= 2008 NCBA Division II World Series =

American collegiate baseball competition

The 2008 National Club Baseball Association (NCBA) Division II World Series was played at League Stadium in Huntingburg, IN from May 16 to May 20. This was the first time that the NCBA had offered a Division II World Series for club baseball teams.
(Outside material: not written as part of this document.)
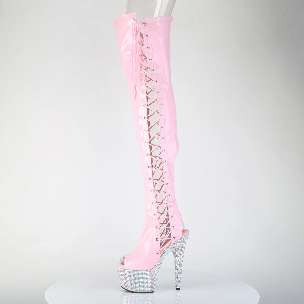 7" (178mm) Heel, 2 3/4" (70mm) Platform Open Toe/Back Inner & Outer Side Lace Up Thigh High Boot Featuring Silver AB Rhinestones Covering the Entire Platform Bottom, Full Length Back Zip Closure

The University of Kentucky won the inaugural NCBA Division II World Series over the University of Illinois in walk-off fashion.

==Format==
The format is similar to the NCAA College World Series in that eight teams participate in two four-team double elimination brackets with the only difference being that in the NCBA, there is only one game that decides the national championship rather than a best-of-3 like the NCAA. Another difference which is between NCBA Division I and II is that Division II games are 7 innings while Division I games are 9 innings.

==Participants==
- LSC-Kingwood
- North Greenville
- Wyoming
- NYU
- Illinois†
- VCU
- Kentucky
- Southern Illinois
† - denotes team also fields an NCBA Division I team

==Results==

===Game Results===

| Date | Game | Time | Winner | Score | Loser | Notes |
| May 16 | Game 1 | 11:30 AM | NYU | 7-0 | Illinois | NYU Pitcher Anthony Perez threw a No Hitter |
| Game 2 | 2:00 PM | Wyoming | 5-3 | VCU |  |
| Game 3 | 4:30 PM | Kentucky | 12-5 | North Greenville |  |
| Game 4 | 7:00 PM | LSC-Kingwood | 15-2 | Southern Illinois |  |
| May 17 | Game 5 | 10:00 AM | VCU | 13-5 | North Greenville | North Greenville eliminated |
| Game 6 | 1:00 PM | Illinois | 7-0 | Southern Illinois | Southern Illinois eliminated |
| Game 7 | 4:00 PM | Kentucky | 7-5 (9 innings) | Wyoming |  |
| Game 8 | 7:00 PM | LSC-Kingwood | 11-7 | NYU |  |
| May 18 | Game 9 | 4:00 PM | VCU | 6-3 | Wyoming | Wyoming eliminated |
| Game 10 | 7:00 PM | Illinois | 14-11 | NYU | NYU eliminated |
| May 19 | Game 11 | 10:00 AM | Kentucky | 6-5 | VCU | VCU eliminated |
| Game 12 | 1:00 PM | Illinois | 4-3 (8 innings) | LSC-Kingwood |  |
| Game 13 | 4:00 PM | Game not needed |  |  |  |
| Game 14 | 4:00 PM | Illinois | 13-11 | LSC-Kingwood | LSC-Kingwood eliminated |
| May 20 | Game 15 | 7:00 PM | Kentucky | 7-6 | Illinois | Kentucky wins the NCBA Division II World Series |

===Championship Game===

Tuesday, May 20 7:00 PM at Huntingburg, IN
| Team | 1 | 2 | 3 | 4 | 5 | 6 | 7 | R | H | E |
| Illinois | 0 | 0 | 0 | 3 | 2 | 1 | 0 | 6 | 11 | 3 |
| Kentucky | 0 | 0 | 2 | 1 | 1 | 2 | 1 | 7 | 7 | 1 |
Boxscore

==Notes==
- Kentucky's victory over Illinois in the title game set two NCBA Division II World Series records which still stand. Most runs scored by one team in a non-extra inning title game (7, Kentucky) and most combined runs in a non-extra inning title game (13).